E.L. –  Gosto muito de ler livros contados na primeira pessoa, mas de todos os livros com esta característica que li até hoje provavelmente metade deles não funcionaram bem. Uma vez que a voz de Phèdre é tão única e bem trabalhada, foi um grande desafio? Como é que entrou dentro da cabeça dela?
J.C. – Muitos escritores consideram a voz na primeira pessoa limitativa, mas eu gosto de nunca ter de me preocupar com mudar os pontos de vista. A minha voz literária é naturalmente barroca e permiti-me libertá-la pela primeira vez em “O Dardo de Kushiel”. Quanto a entrar dentro da cabeça de Phèdre, acho que isso faz parte do mistério da criatividade. Nem sempre os escritores sabem como fazemos o que fazemos!

E.L. – Existem muitas cenas sexuais gráficas nos seus livros, e muitas delas não encaixam na categoria “confortável” para a maioria das pessoas. Mas nunca fiquei com a impressão que eram desnecessárias ou deslocadas: fazem sentido, dentro da história. Qual é a sua importância? Acha que este aspecto pode afastar alguns leitores?
J.C. – Acreditem, pensei muito e durante bastante tempo acerca do elemento erótico negro antes de começar a escrever, porque sabia que significava correr um grande risco. No fim de contas, pensei que poderia ser uma forma fascinante de subverter muitos dos clichés “heroína como vítima” que existem na maioria do nosso entretenimento popular. Tentei lidar com isto delicadamente e certificar-me de que nenhuma das cenas eram gratuitas e, que eram, de facto, relevantes para o enredo. Ainda assim, significou que não iria atrair jovens leitores! Digo muitas vezes aos pais que não, os meus livros não são adequados para os vossos fãs de treze anos do Harry Potter.

E.L. – Já li muitos livros de fantasia, e penso que uma das coisas que tornam alguns deles notáveis é um mundo muito bem construído e pesquisado. Os livros da série Kushiel decorrem numa Europa Renascentista reminiscente, com locais bem descritos e uma mitologia muito forte. Como é que fez a sua pesquisa? Visitou a Europa e outros países cujas localizações se assemelham às do seu livro?
J.C. – Visitei provavelmente metade dos países que cubro ao longo dos seis livros da série Kushiel. França, Grã-Bretanha, Itália, Grécia, Egipto: sim. Alemanha, Espanha, Irão, Chipre, Rússia: não. Gostava de poder fazer pesquisa local para todos eles, mas o tempo e o custo não o permitem! Pesquisa literária antiquada, com muita ajuda da Internet, fazem a diferença.

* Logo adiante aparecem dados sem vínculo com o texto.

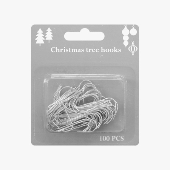 100 kusov kovových vianočných háčikov na vešanie vianočných gulí a ostatných ozdôb na vianočný stromček.
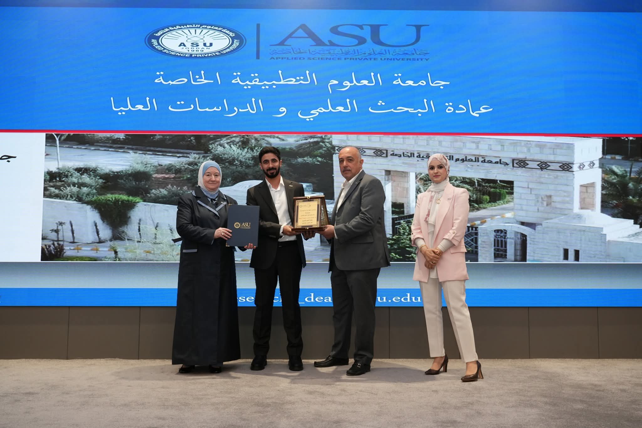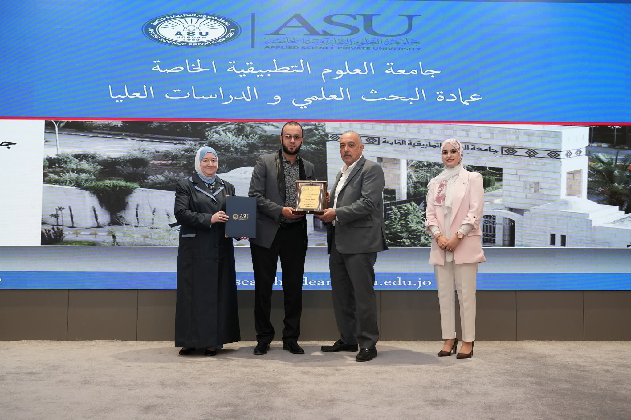 تتقدّم جامعة العلوم التطبيقية الخاصة بأحرّ التهاني والتبريكات إلى الفائزين بجوائز البحث العلمي على مستوى الجامعة والكليات للعام الأكاديمي 2024-2025، تقديرًا لجهودهم المتميزة وإنجازاتهم البحثية التي تُجسّد روح الإبداع والتميّز الأكاديمي في الجامعة، وتُعزّز مسيرتها في دعم البحث العلمي والابتكار.
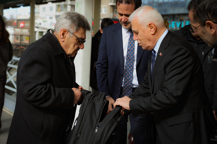 Bursa Büyükşehir Belediye Başkanı Mustafa Bozbey, daha sonra Beşeveler BursaRay İstasyonu’ndan metroya binerek vatandaşlarla birlikte Şehreküstü İstasyonu’na kadar yolculuk yaptı. Başkan Mustafa Bozbey tarafından vatandaşlara AKOM tarafından hazırlanan ve içinde ilk yardım kiti, battaniye, radyo, el feneri, diş fırçası, yağmurluk, düdük ve çöp torbası bulunan afet ve acil durum çantaları dağıtıldı. Yolculuk boyunca Bursalılarla afet konusunda sohbet eden Başkan Mustafa Bozbey, afetlere hazırlıklı olmanın önemine vurgu yaptı.

E.L. – A religião representa um papel muito importante nesta primeira trilogia, mas senti que estava bastante distante da forma como muitas pessoas entendem a religião nos dias que correm. Foi uma forma de enfatizar o que acha mais importante acerca da fé?
J.C. – Estava interessada em explorar o conceito de uma divindade cuja único atributo divino é o amor, em todas as suas manifestações. Se tivesse de escolher um aspecto da fé a destacar, certamente seria esse.

E.L. – Já escreveu alguns livros fora do mundo Kushiel (Santa Olivia, série Banewreaker), mas continua a lá regressar (recentemente com Naamah’s Kiss). Está a desafiar-se a si própria e ao mesmo tempo continua a voltar a um “porto seguro”?
J.C. – É uma análise correcta. Foi certamente um desafio examinar um cenário familiar através de um novo olhar, mas adoro o mundo que criei e foi um prazer revisitá-lo. Também tive a oportunidade de explorar mais longe, o que incluiu uma maravilhosa viagem de pesquisa à China.

E.L. – Os seus principais trabalhos “caem” na categoria da ficção especulativa. Já considerou escrever algo fora desse género?
J.C. – Sim, e talvez algum dia o faça, mas até agora as minhas melhores e mais empolgantes ideias estão dentro desse género.

E.L. – Quais são as suas referências literárias (autores, géneros…)?
J.C. – Leio tudo e mais alguma coisa, de todos os géneros. Gosto de ficção literária mainstream, mistérios, thrillers, paranormal, fantasia, ficção científica, comédias. Ficção histórica é uma grande influência literária para mim; os romances da Mary Renault, decorridos na Grécia Antiga, foram os primeiros livros “adultos” que li, e continuam a ser os meus favoritos, tanto pela sua habilidade em recriar o passado, como pela escrita lírica. A frase de abertura de “O Dardo de Kushiel” está estruturada como uma homenagem a “The Persian Boy”, o primeiro livro dela que li.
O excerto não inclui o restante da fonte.